The twelfth paper [12] proposes an IoT-friendly subset representation called combinatorial subset difference (CSD) that generalizes the existing subset difference (SD) method by allowing for wildcards (*) in any position of a bitstring. Based on the CSD representation, the authors first propose an algorithm to construct a CSD subset and a CSD-based public key broadcast encryption scheme. By providing the most general subset representation, the proposed CSD-based construction achieves a more minimal header size compared the existing broadcast encryption. The experimental results showed that the proposed CSD could save header size by 17% on average and more than 1000 times when assuming a specific IoT example of an Internet Protocol (IP) address with 20 wildcards and 220 total users compared to SD-based broadcast encryption. The authors proved the semantic security of CSD-based broadcast encryption under the standard l-Bilinear Diffie-Hellman Exponent (l-BDHE) assumption, and they extended the construction to a chosen-ciphertext-attack (CCA)-secure version.

The thirteenth paper [13] first overviews the shortcomings of the existing two privacy protection architectures and privacy protection technologies. Then, the authors propose a location privacy protection method based on blockchain. The proposed decentralized location privacy protected architecture is used to protect user’s location privacy in Location-Based Services (LBS). The framework uses multiple private blockchain networks to decentralize user transaction records, thereby enabling the system to achieve decentralization. The proposed method satisfies the principle of k-anonymity privacy protection and does not need the help of trusted third-party anonymizing servers. The combination of multiple private blockchains can disperse the user’s transaction records, which can provide users with stronger location privacy protection without reducing the quality of service. The authors also propose a reward mechanism to encourage user participation. Finally, the authors implemented the proposed approach in the Remix blockchain to show its efficiency, which further indicated the potential application prospect for the distributed network environment. The authors were committed to solving the problem of privacy leakage when people use the IoT to obtain services, which is exactly related to this Special Issue.

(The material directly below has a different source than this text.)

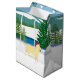 Yellow Labrador Christmas Winter View Gift Bag for dog lovers who love Labradors. Beautiful Yellow Labrador Silhouette design with Santa Hat. Snow and evergreen trees. Created by Naomi Ochiai.
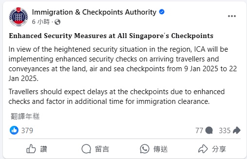 当局于今日发通告,指有鉴于该地区安全局势加剧,2025年1月9日至2025年1月22日,陆地、航空和海上关卡检查站,都会对抵达旅客和交通工具,实施加强安全检查。

The fourteenth paper [14] proposes a novel mutual two-factor authentication protocol between a server and an IoT device that only requires the use of hash functions. Two-factor authentication presents a strong security approach against cyberattacks. The authors also provide a mechanism for secure session key establishment. Furthermore, the concept of the proposed protocol in terms of cyberattack assessment, formal security analysis, and computational complexity is presented. A careful analysis validated the correctness of the proposed authentication protocol, and the proposed cyber defense assessment showed that it is impossible to compromise the protocol even if an adversary conducts an invasive attack against the IoT device. The proposed authentication mechanism is the first mechanism that replaces the traditional use of encryption for authentication with Hash-based Message Authentication Code (HMAC) computation. It deploys two Physical Unclonable Functions (PUFs) in the IoT device to offer the desired level of security. It also achieves the required low computational complexity for power-constrained IoT applications.

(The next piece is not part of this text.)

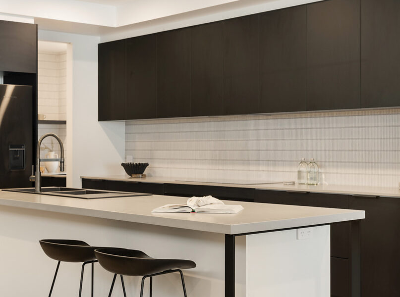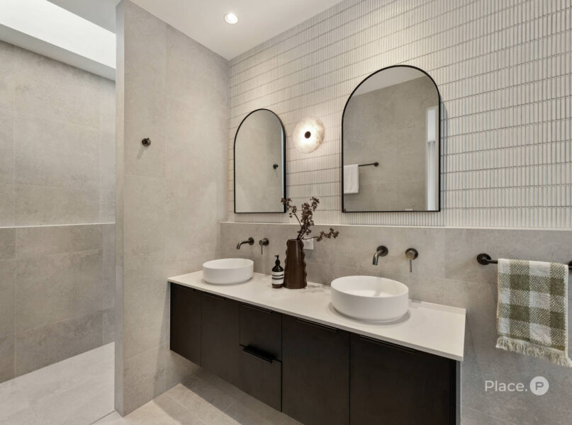 Upstairs, a generous second living area can double as a rumpus room, study or children’s play area. A lavish master bedroom has a large walk-through robe, plus an opulent ensuite with dual vanities, floor-to-ceiling tiling and a skylight-illuminated frameless shower.

The fifteenth paper [15] summarizes the effort at identifying and evaluating publicly available sources of information about vulnerabilities, focusing on their usefulness in the scope of the IoT. The results of the proposed search showed that there is not yet a single satisfactory source covering the vulnerabilities affecting IoT devices. Most sources have only focused on software vulnerabilities. Some services covering the IoT already exist, but they are currently not receiving updates, and some of them are currently defunct and no longer available on the internet. Finally, the authors found a few sources dedicated to the industrial control system (ICS). The identification of the data sources is the first step on the road to create a publicly-available IoT vulnerability database that will improve the security of the IoT environment in a similar way to how national vulnerability databases help secure computing systems.